New Voices Spin Tales of Fiction, Mostly Fiction
The Legend of the Barefoot Mailman
By John Henry Fleming
Faber & Faber Inc.
216 pp., $21.95
Behind the Scenes at the Museum
By Kate Atkinson
St. Martin's Press
332 pp., $22.95
The Romance Reader
By Pearl Abraham
Riverhead Books/Putnam
296 pp., $21.96
Wild Meat and the Bully Burgers
By Lois-Ann Yamanaka
Farrar Straus Giroux
278 pp., $20
Discovered by the Fountain-of-Youth-seeking Spanish explorer Ponce de Leon in 1513, Florida remained largely undiscovered by vacationers and real estate developers for another 400 years. Even as late as the last decade of the 19th century, the lush, semitropical peninsula in the southeastern corner of the United States had much in common with the Wild West.
The sparsely populated jungles and beaches of unspoiled (though also unair-conditioned) south Florida, circa 1890, are the setting of John Henry Fleming's gem of a first novel, "The Legend of the Barefoot Mailman." There was in fact (as the reader is informed in a brief prefatory note) a hardy breed of postal carriers who plied their trade on foot, serving a handful of isolated settlers stretched out over miles of desolate, roadless beach routes in the general vicinity of what later became Miami.
How this wild, beautiful, steamy territory was transformed into the site of a booming tourist industry is part of the "legend" that unfolds in these pages.
Fleming's delightfully far-fetched tale begins when a deeply disgruntled mail carrier angrily tosses one of his parcels into the sea. This parcel, as we later learn, contains a handsome pair of handmade leather shoes sent to an idealistic young settler by his loving relatives back in Brooklyn, N.Y.
Young Josef Steinmetz and his pretty bride have just arrived in the tiny Florida town of Figulus (pop. 27) where Josef, who was born in Austria and who spent his young manhood in Brooklyn, now hopes to prove himself a true American pioneer. He is trying to start a citrus farm. His wife, appalled by Florida's insects, spends most of her time wrapped in mosquito netting, begging to return to Brooklyn.

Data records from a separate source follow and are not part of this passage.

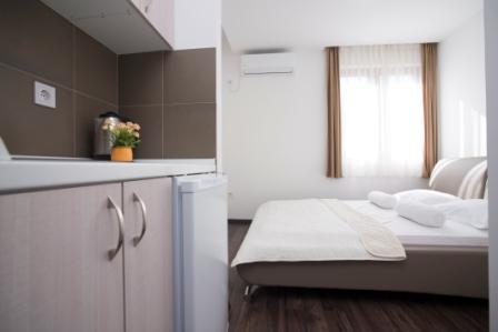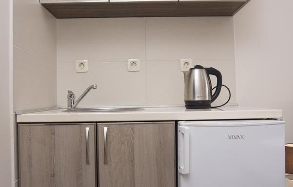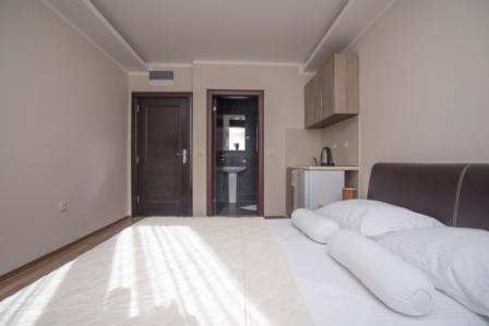 Studio 02: 20м2, французская кровать, мини-кухня, ванная комната с душем. Нет балкона.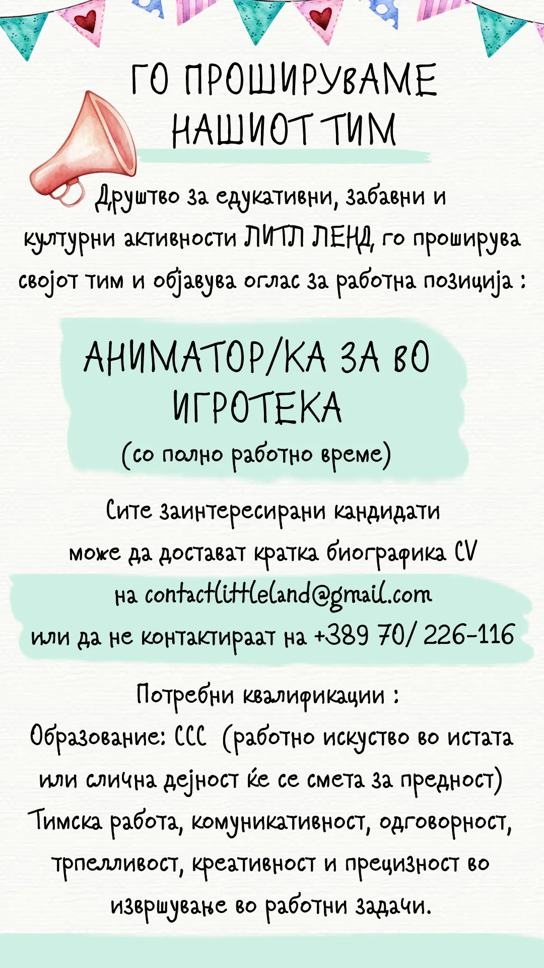 Друштво за едукативни, забавни и културни активности ЛИТЛ ЛЕНД го проширува својот тим и објавува оглас за 2 (две) работна позиција:
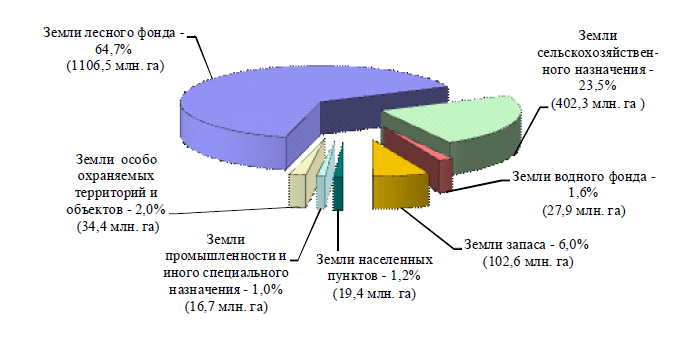 Современная структура земельных ресурсов России представлена на рис. 4.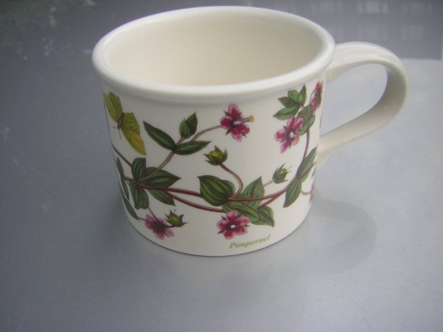 Kubek doskonały :) Sygnatura jakości Portmeirion, z kultowym zdobieniem botanicznym wg Susan Williams-Ellis. Piękne kwiatowe zdobienie, kilka magicznych owadów, ciepła śmietanowa biel, przyjemne barwy i błyszczące szkliwienie. Solidny, szlachetny, wygodny. Do zmywarki, mikrofali, zamrażarki - w pełni użytkowy.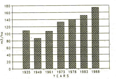 The mean volume of the mature stands in the year 1988 was 258 m3. The changes in the mean volume during this century demonstrates also changes in forest management. The trend of the average volume of all stands as well as the average volume of mature stands are ascending (Graph. 2). Also, as is evident from the Figure, the only case of a decrease in stand volumes was after the Second World War. Latvia's forest resources are greater now than in the first half of the century.

Josef's attempts to locate his missing shoes bring him into contact with Figulus's postmaster, Earl Shanks. From this encounter, a sequence of improbable events develops and a legend is born, willy-nilly. In a town populated mostly by hapless ne'er-do-wells who've run out of steam, Earl is one man who still dreams of achieving great things, even if he's not exactly sure what great things.
Earl, we're told, "was a man mediocre in every way. This he knew, and yet he'd always held his mediocrity itself in high regard.... He'd used to believe that mediocrity, idleness, and a faith in the value of the imperfect were all a man needed for success. He'd used to think that that would be the moral of his autobiography, should the public demand he write one." Earl, a veritable prince of mediocrity, can see that Josef is something special. But just how this "specialness" ultimately puts the town of Figulus on the map is a complicated and zany story.
In the grand tradition of the American tall tale, "The Legend of the Barefoot Mailman" is filled with action-packed scenes involving fistfights, scavengers, shipwrecks, Seminole Indians, and rescues, deftly narrated in a wry, tongue-in-cheek style reminiscent of Mark Twain or Ambrose Bierce.
The satiric thrusts are shrewd, yet good-natured, the characters agreeably wacky, and Fleming's prose is not only first-rate but ingeniously evocative of 19th-century American parlance.
From England, more specifically the cathedral city of York, comes an ambitious, exuberant first novel that takes the form of a young woman narrating her autobiography, starting with the moment of her conception and dipping into past generations of her family while moving forward through her own girlhood.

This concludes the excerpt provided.